Пока Алексей Михайлович умывался, царица тоже успела переодеться. Для нее возвращение мужа — самый большой праздник. Сидя за ужином рядом с ним, продолжала рассказывать:

— Нынче Мария Кузьминична Львова заходила. С доброй вестью. Уже под утро она сон такой видела: как будто с неба спустился Спаситель и говорит ей: «Иди, порадуй царицу: мальчиком она брюхата». Боярыня служанку спросила, к чему это, та и ответила, что гость приедет. И, в самом деле, приходил к ним Паисий Лигарид, митрополит Дамасский. Послушал он ее рассказ о сне, сразу сказал, что подобное и он увидел минувшей ночью. К добру ли это, Государь?

— А этот как в Москве оказался? — растерялся Алексей Михайлович.

— Кто, Паисий? Да, чай, Никон пригласил! Чтоб защитить напечатанные книги. Патриарха каждый день позорят… Стыдно-то как!

Алексей Михайлович на жену смотрел хмуро. Она замолкла, поменяла разговор. Стала спрашивать о здоровье, ласково позвала отдыхать в свои покои. Взгляд его потеплел, глаза загорелись огнем.

— Если рожу мальчика, как назовем его? — нежась на руке мужа, спросила позже Мария Ильинична. Смотрит, а он уже спит. Погладила его волосатую грудь, вслух сказала:

— Федей назовем!

— Фе-дей, Фе-дей! — закричал в клетке попугай.

* * *

Через два месяца в Москву пришла недобрая весть: русские полки окружены шведами, даже отступать им не дают. Алексей Михайлович хорошо знал о том, что он оставил там мало сил. Правда, в последнее время из-под Смоленска прибыл воевода Матвей Иванович Стрешнев с двумя полками. И всё равно силы были неравные, да и припасов не хватало. Здесь, в Москве, Патриарха бояре загрызли, один он против них стоял, заставляя снабжать армию. Теперь Государь и Патриарх решили собрать боярскую думу и церковный Собор, чтобы решить военные дела.

В один из январских дней 1655 года, сразу же после Рождества, все колокола столичные объявили о великом Соборе. Москва давно не знала таких призывов. В Крестовую палату собрались бояре и архиепископы. Да и сам город шумел, как лес во время грозы. Люди, от мала до велика, на улицах об одной беде рассуждали: как там, в далекой Ливонии, наши воины? В любой толпе можно услышать:

— Над Ладогой снова шведы хозяева… Слышал, один наш полк они ножами перерезали.

— Тот стрелец, который царю письмо привез, так рассказывал: «Голодом нас умертвляют!» Ей-богу, сам слышал!..

— Последний хлеб отдадим, лишь бы наши не отступили. Без моря света нам не видать. Шведы все пути перекроют.

— Надо нам, братцы, самим туда двигаться на помощь.

— Зачем тебе ехать? Вшей продавать?

— Ну, раз купцам и боярам некогда…

— Что им Отечество, лишь богатство копить…

На другой улице тоже языки свои чесали. Вот какие споры там шли:

— Наш посол Нащокин с украинским гетманом поссорился. И гетман, вместо того, чтобы помочь нам, сам вытянул ноги…

— Пустомозглые наши послы — носы везде суют, а пользы от них никакой… В этом деле умные головы нужны, такие, как Никон.

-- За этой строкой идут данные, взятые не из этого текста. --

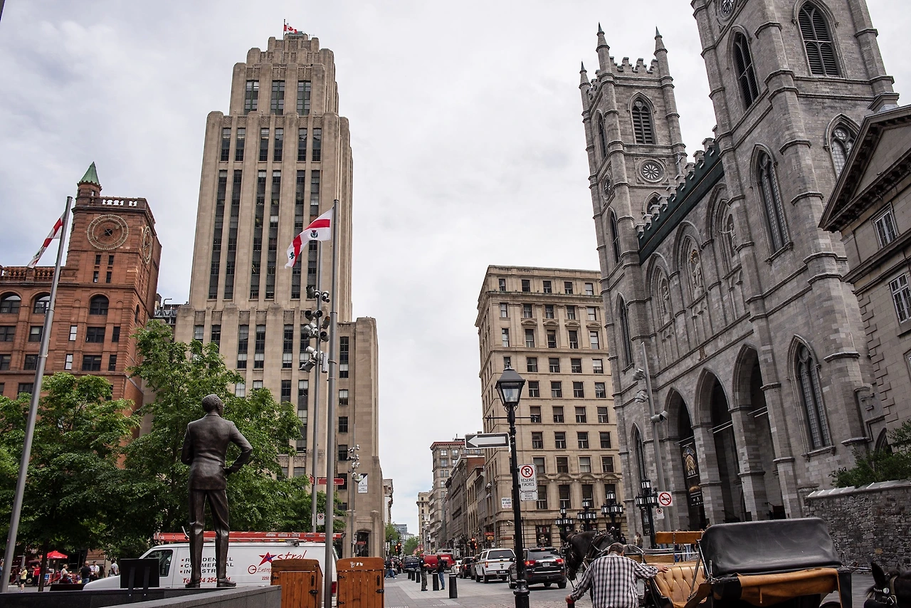 아름 광장(Place d’Armes)은 두 문화의 충돌을 한 눈에 볼 수 있는 흥미로운 장소다. 광장을 중심으로 한 쪽에는 노트르담 대성당이 있고, 그 맞은 편으로 몬트리올 은행이 있는데, 그 옆에 서있는 작은 동상들이 재밌는 이야기를 연출한다. 광장의 한 쪽에 잉글리시 퍼그를 안고 있는 영국 남자와 푸들을 들고 있는 프랑스 여자가 각각 노트르담 성당과 몬트리올 은행을 노려보고 있다. 이 모습은 대성당이 상징하는 프랑스 문화권과 은행이 상징하는 영어 문화권이 서로 화합할 수 없다는 것을 블랙 코미디로서 표현하고 있다. 실제로 퀘벡은 끊임없이 분리독립 운동을 전개하고 있다.

— Нашел кем хвастаться… Испортил нам церковные книги, испоганил святые каноны…

Споры, сплетни, разговоры по Москве как ветер гуляли. А прислушаться — не всегда пустое брешут.

* * *

В Крестовую палату первым вошел Государь. За ним бояре гусиным полком шагали: шатаясь, вперевалку, словно босиком по морозному снегу. Нынче бояр не так много. Один, говорят, заболел, другой Крестовой палаты, как черта, боится. Словом, обиделись бояре, почему не в Грановитую палату собирают.

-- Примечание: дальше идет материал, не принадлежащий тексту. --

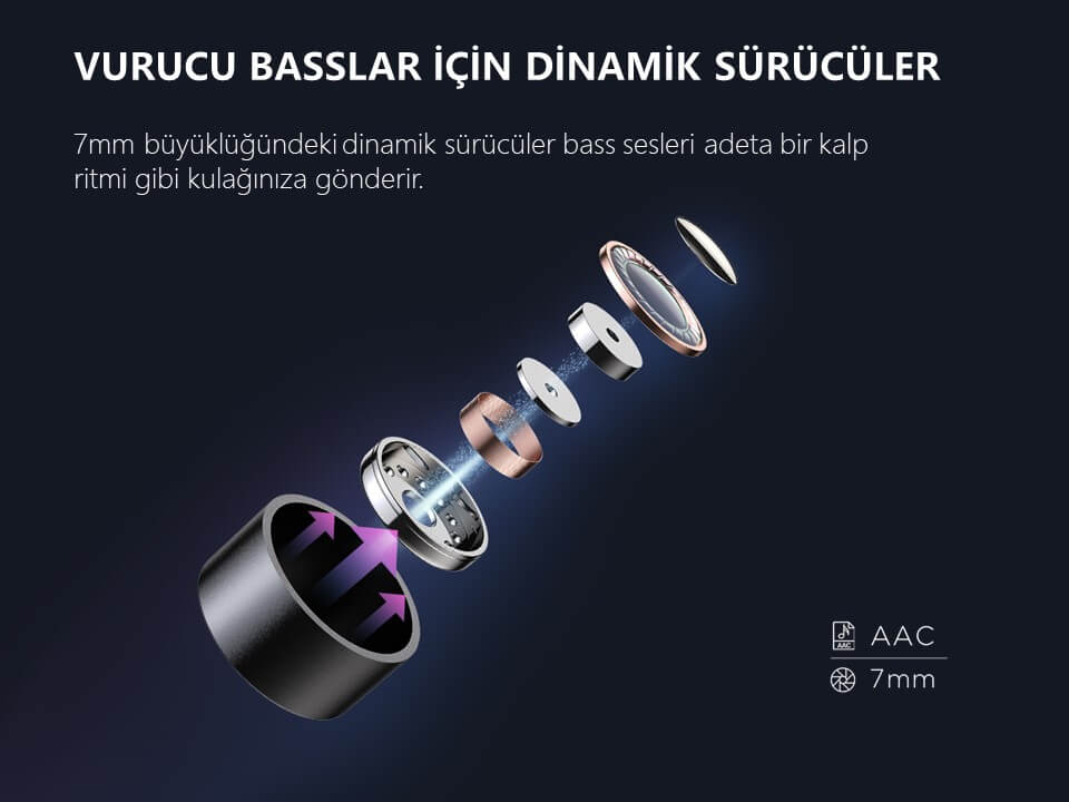 1More AirFree modelinin sunduğu özelliklere yakından bakacak olursak AirFree Bluetooth 5.0 teknolojisini kullanıyor ve bu sayede kayıpsız bir ses aktarımı sunuyor. 4 Adet ENC mikrofona sahip kulaklık segmentindeki rakiplerine oranla sesli görüşme konusunda çok daha başarılı bir performans sunuyor. 7mm büyüklüğündeki dinamik sürücülere sahip kulaklık yine bu seviyede pek görülmeyen bir Bass performansı sunuyor
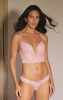 Tanga fio em renda delicada que une ousadia e sofisticação. Na frente, os elásticos cruzados criam um efeito moderno e sofisticado sobre a renda, enquanto os pingentes de cristais nas laterais surgem como pontos de luz preciosos. A renda se estende com leveza até a parte traseira, mantendo seu desenho elegante e valorizando o corpo com transparência sutil, realçada pelo acabamento em microfilamento metálico que acrescenta um toque sedutor.

Государь сел в кресло, что в центре палаты, на собравшихся быком смотрел. Из-за этих бояр-скупидонов полки без еды остались. Клопы, а не люди!

Ждали Никона. Алексей Иванович Львов спрятал короткую шею в тучные плечи, вспоминал о вчерашнем дне. Четвертый раз к ним заходит Паисий Лигарид, с боярыней какие-то псалтыри читают на жидовском наречье. Или это всё для того, чтоб прикрыть грехи?!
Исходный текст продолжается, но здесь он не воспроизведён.